2. Now, we can solve this equation for (v2^2 –v1^2):

(v2^2 –v1^2) = a/2d = 0.1448270577 / 2 * 3 = 0.024137843 m/sec

You haven't used the definition of KE to obtain this result, which is in any case not correct. The units of your calculation give you .024 m^2 / s^2, not .024 m/s. And this calculation does not give you velocity, but the change in the squared velocity.

From a correct calculation of work you will know the KE of the system; setting this equal to 1/2 m v^2, you can solve for v.

3. However, we know that the system was released from the rest, so the v1 = 0 m/sec

4. Now, we can determine the v2, which equals to: v2 = sqrt(0.024137843) = 0.1553635831 m/sec or = 15.54 cm/sec

This would be a correct calculation of the final velocity. It should agree with the result you obtain based on the work-energy theorem.

Problem Number 3

When masses of 30, 60 and 90 grams are hung from a certain rubber band its respective lengths are observed to be 47, 58 and 69 cm. What are the x and y components of the tension of a rubber band of length 53.03 cm if the x component of its length if 43.76755 cm?

1. According to the way I completed one of the labs: the tension would equal to 13.2575 N, because 1 N = 4 cm.

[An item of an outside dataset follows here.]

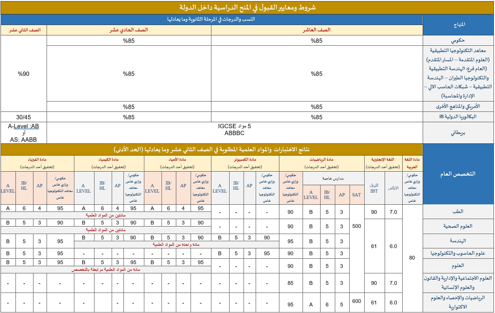 - أن يكون حاصلاً على نسبة مئوية، لا تقلّ عن (90%) في شهادة الصف الثاني عشر أو ما يعادلها، علمًا بأن هذه النسبة قابلة للتغيير من سنة إلى أخرى.

From the given information a 53 cm rubber band would support about 56 grams, which would have a weight of about .55 Newtons. You estimate the force by graphing suspended weight vs. length.

2. Using the Pythagorean theorem we can find the y-component : y^2 = 53.03^2 – 43.76755^2

Y= 29.94298694 cm

3. Now, the tension of x component is 10.9418875 N

And the tension of y component is 7.485746735 N

These components would correspond to the components of a 13.25 N force in the direction of the rubber band; had you used the correct tension you probably would have obtained the correct components.

What vertical force, when added to this force, will result in a total force of magnitude 130 grams (a gram force is the force of gravity on a one gram mass)?

1. 130 grams is 1.3 kg

130 grams is .13 kg.

However it isn't completly clear where the 130 grams comes from.

2. The vertical force will equal to F = mg = 1.30 * 9.8 = 12.74 N.

Problem Number 4

If the slope of a graph of number of paper clips needed to maintain equilibrium vs. ramp slope is 33 clips / unit of ramp slope , and if the slope of a graph of the acceleration of a cart vs. the number of paper clips attached by a string and suspended over a pulley is ( 27 cm/s2) / clip, then how many cm/s2 of acceleration should correspond to 1 unit of ramp slope? If we require 29 clips to match the mass of the cart, then if we could apply this force to the cart without the extra mass of all those clips, what would be the acceleration of the cart?

1. If the slope is 33 clips per unit and another slope is 27 cm/sec^2 / clip, than 891 cm/s2 of acceleration should correspond to 1 unit of ramp slope.

2. Since the slope is 27 cm/s^2 / clip, we can say that 29 clips would give the acceleration of 783 cm.s^2.

Problem Number 5

Explain why the slope of a position vs. time graph between two clock times is equal to the average acceleration between those two times.

1. Since the slope equals to ‘rise’ divided by ‘run’, we can say that the division position by two times will give us the average of acceleration.

2. Rise = upper position – lower position and run = right two times– left two times

The statement 'the slope of a position vs. time graph between two clock times is equal to the average acceleration between those two times' is actually incorrect. The rise of a position vs. clock time graph is the change `ds in position and the run is the change `dt in clock time. So the slope is rise / run = `ds / `dt, which is the definition of average velocity, not average acceleration.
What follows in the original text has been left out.